Forum Discussion
RamonMA1360
Nov 06, 2020Copper Contributor
Setting up a new Data Factory
Hi all, I'm not a data expert/novice, but I do love data. I'm looking to up my companies game when it comes to ingesting and storing data from our various sources. We currently have a few on prem da...
DennesTorres
Nov 17, 2020MVP
Hi, RamonMA1360 ,
Your explanation is a bit confuse, but I will try to answer following some patterns. It doesn't mean they will fit your situation, and in my opinion you need to hire a consultant to help solve your problem, either me or other you may find in the data community.
From the beginning, the very first question is: What are you trying to build? In what definition does it fit?
Production: Regular daily work of the company
Intelligence: Analytics data, never exactly the same, to help with the business plan
If you are trying to build something that fits in the definition of "Production", than you have an architecture problem. The microservices you have should be correct planned in a way to cover the production needs without this need of data integration. They can use each other, of course, but they should have a low coupling and be mostly independent. If your need to join the data they produce is to solve a production problem, this means they are not correctly designed and should be fixed in the first place.
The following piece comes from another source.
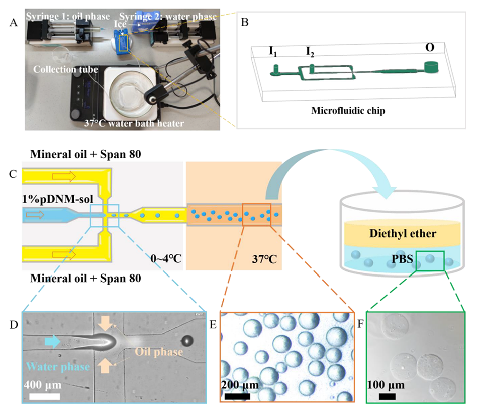 2、水油相混合:水相主要由dECM溶胶(pDNM-sol)组成,油相为含有20%(v/v)Span 80的矿物油。在0~4℃的环境温度下,水相和油相在微流控芯片内混合形成乳液。

If what you are building is for data intelligence, than starting from production the first thing you need to build is a data warehouse. It's not a simple data transfer that a copy activity may handle. You need to build a data warehouse model, which is different than the relational model.
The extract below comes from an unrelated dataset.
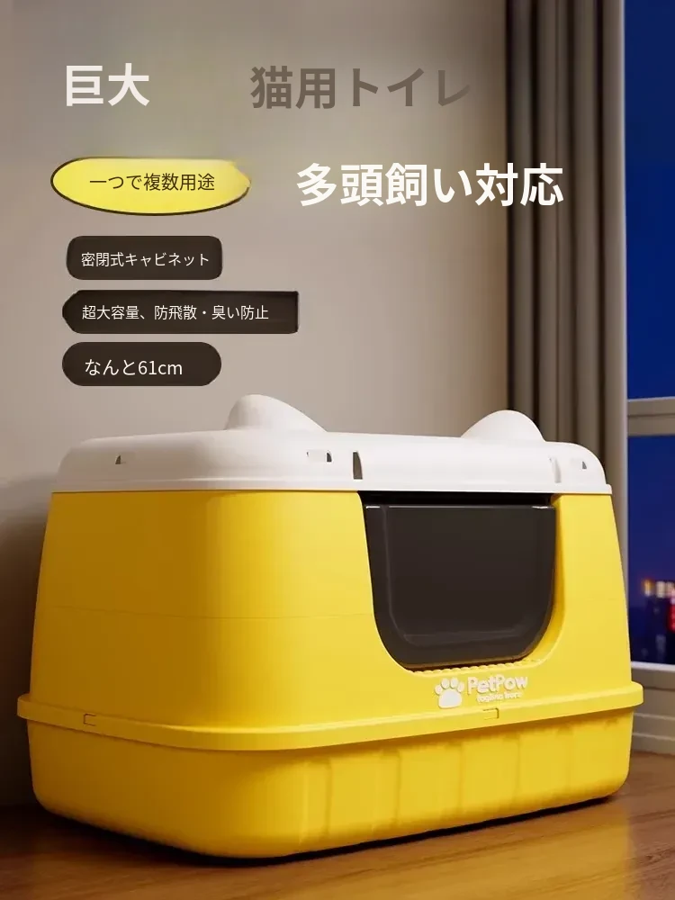 超大型密閉型猫トイレ|防臭・防飛び散り設計|猫ちゃん専用の新型トイレで快適なおさぼりタイムを!

Fact table and dimension, star model and snowflake, de-normalizing, these are just some of the concepts you may need to use to build the data warehouse model. The data will be imported from the production using an ETL process. You don't have the need to call the API's for the ETL, at least you shouldn't. You can use Data Factory to read directly from each microservices database and transform the data for the data warehouse.
If any of the microservices is using unstructured data (should they? SQL or No SQL, usually there is a structure) you may need to build a data lake, import the files into the data lake and use a tool such as Synapse SQL On Demand Pool to read the data and integrate as needed with the data warehouse, what may have many different meanings.
So, in summary: Your question was a bit confuse, so I'm exposing some usual patterns. You should try to fit on them, but that doesn't mean your environment will fit precisely on them. As I say, you may need a consultant.
Kind Regards,
Dennes